┌──

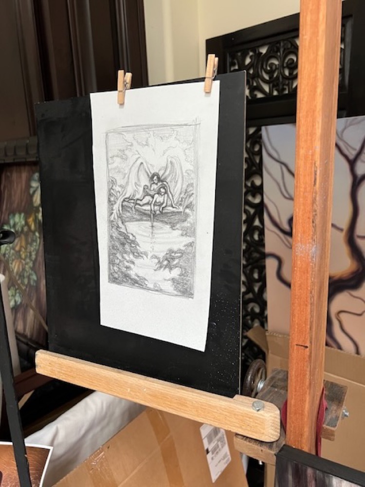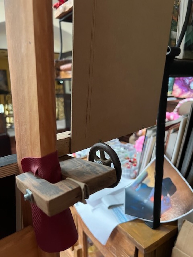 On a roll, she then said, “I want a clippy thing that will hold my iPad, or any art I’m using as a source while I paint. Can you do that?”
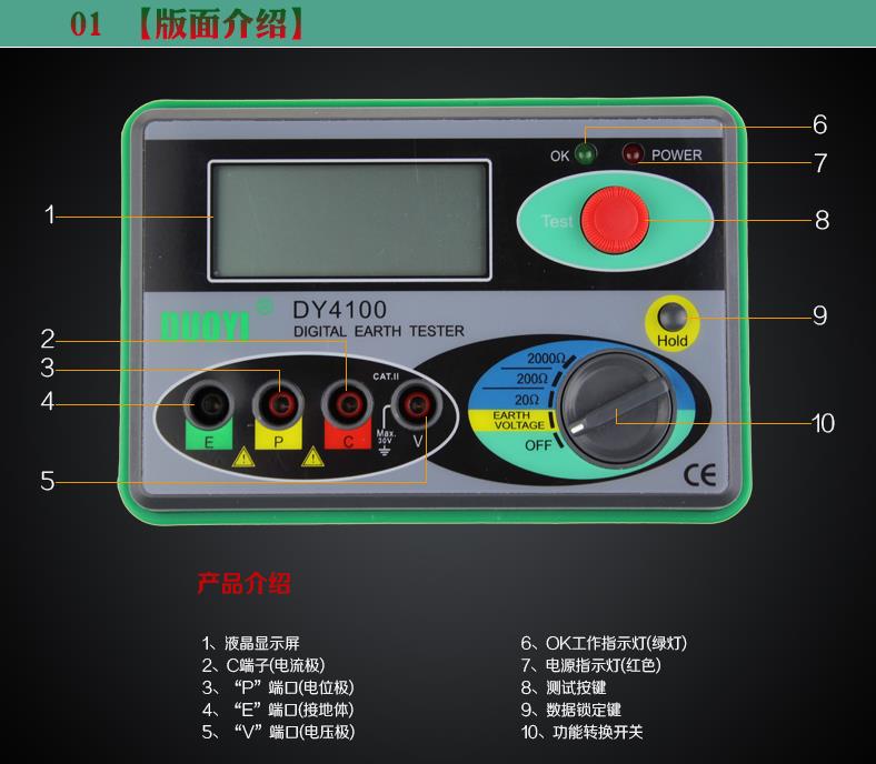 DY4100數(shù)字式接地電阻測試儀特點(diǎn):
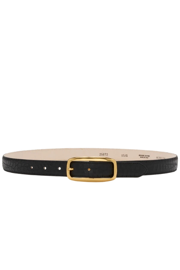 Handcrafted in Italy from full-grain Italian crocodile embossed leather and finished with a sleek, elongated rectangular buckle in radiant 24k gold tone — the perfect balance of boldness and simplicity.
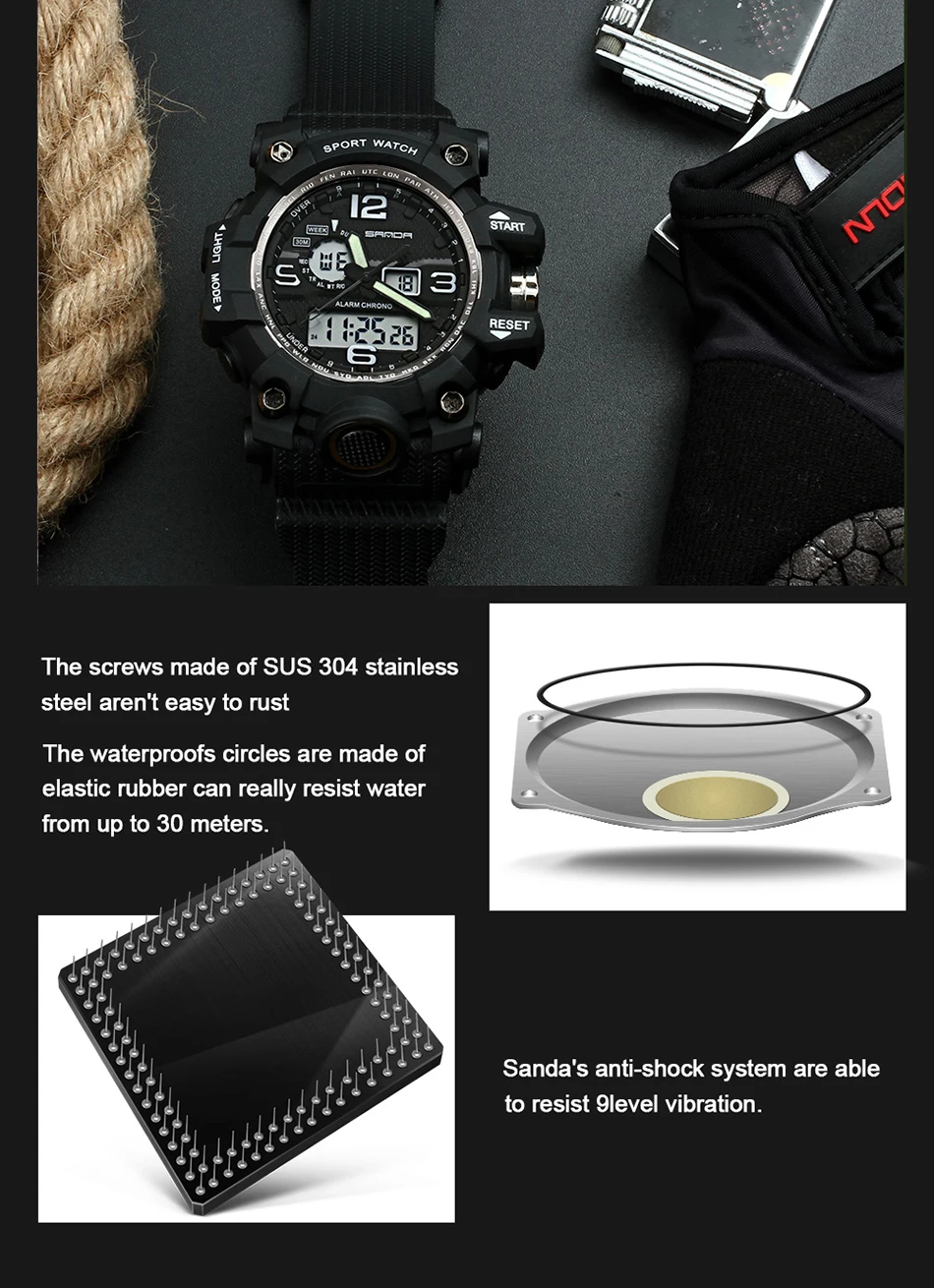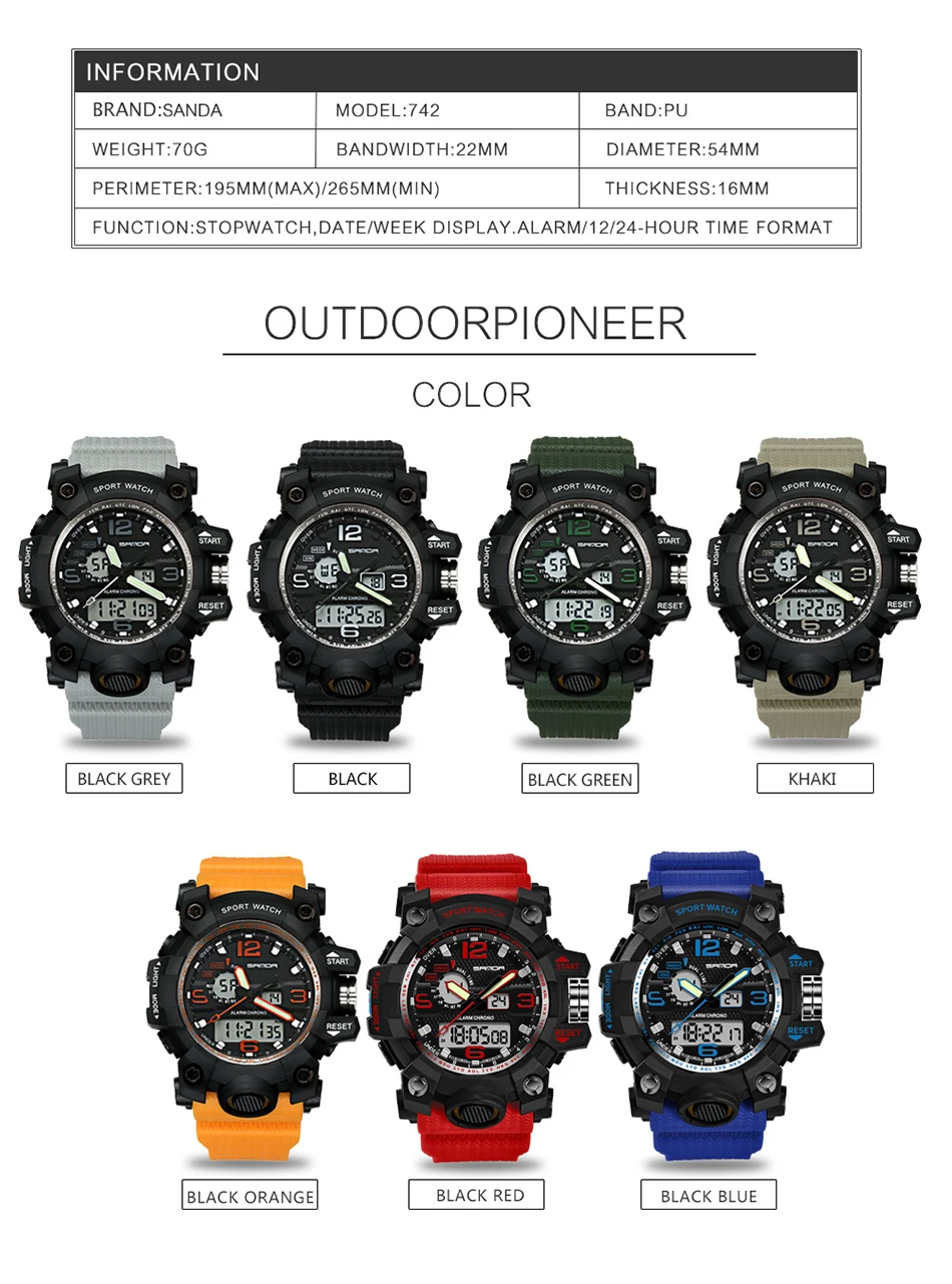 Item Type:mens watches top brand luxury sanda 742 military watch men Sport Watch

└──
┌──

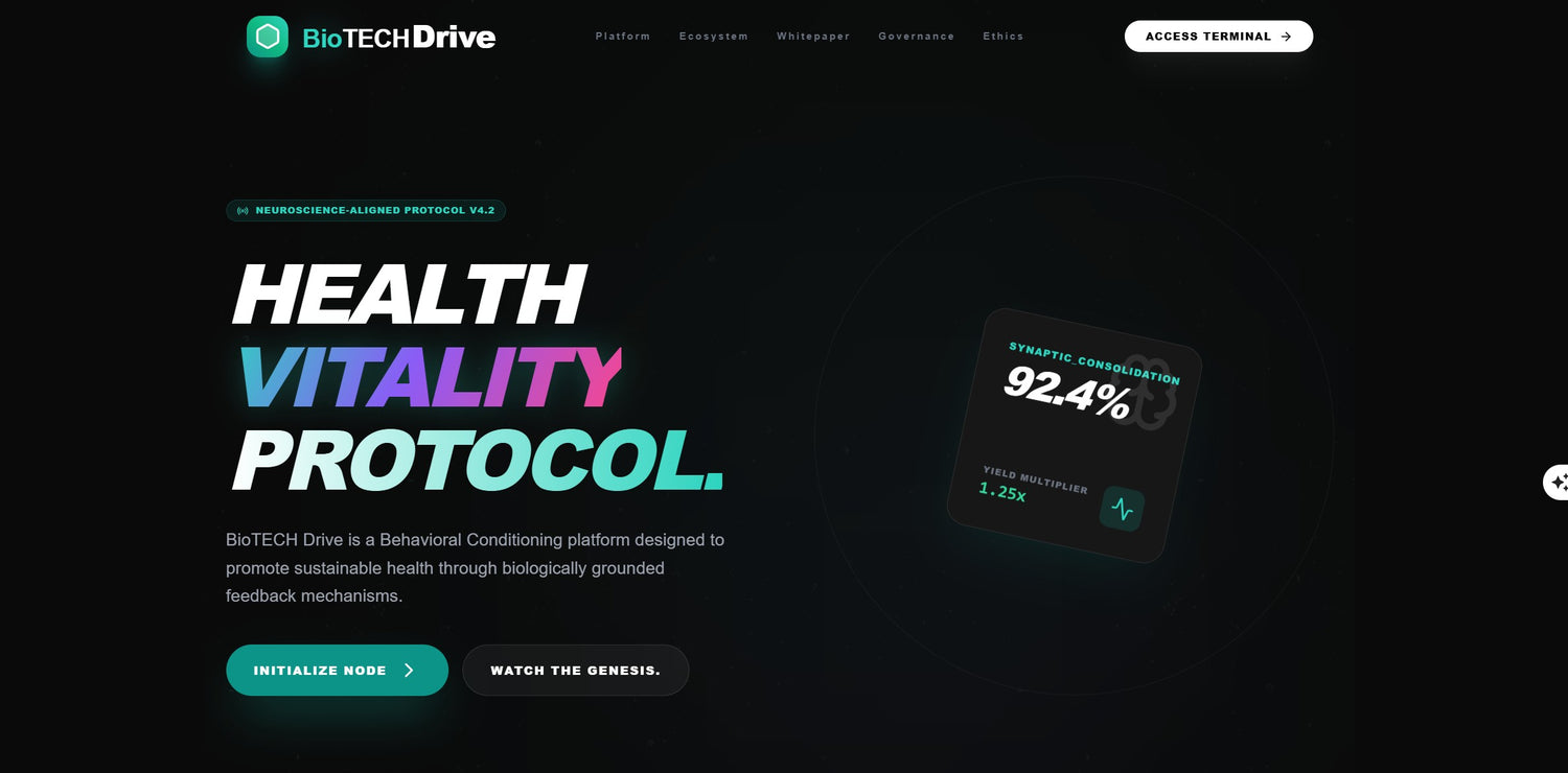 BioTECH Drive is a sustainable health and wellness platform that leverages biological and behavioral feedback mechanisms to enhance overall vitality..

└──
┌──

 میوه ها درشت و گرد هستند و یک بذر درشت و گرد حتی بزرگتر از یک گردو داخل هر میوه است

└──

Go to the line above holding "Handcrafted in Italy", then copy exactly each line down to and including the one holding "Item Type:mens watches", leaving pictures out.

Reply to the exercise:
 Handcrafted in Italy from full-grain Italian crocodile embossed leather and finished with a sleek, elongated rectangular buckle in radiant 24k gold tone — the perfect balance of boldness and simplicity.
 Item Type:mens watches top brand luxury sanda 742 military watch men Sport Watch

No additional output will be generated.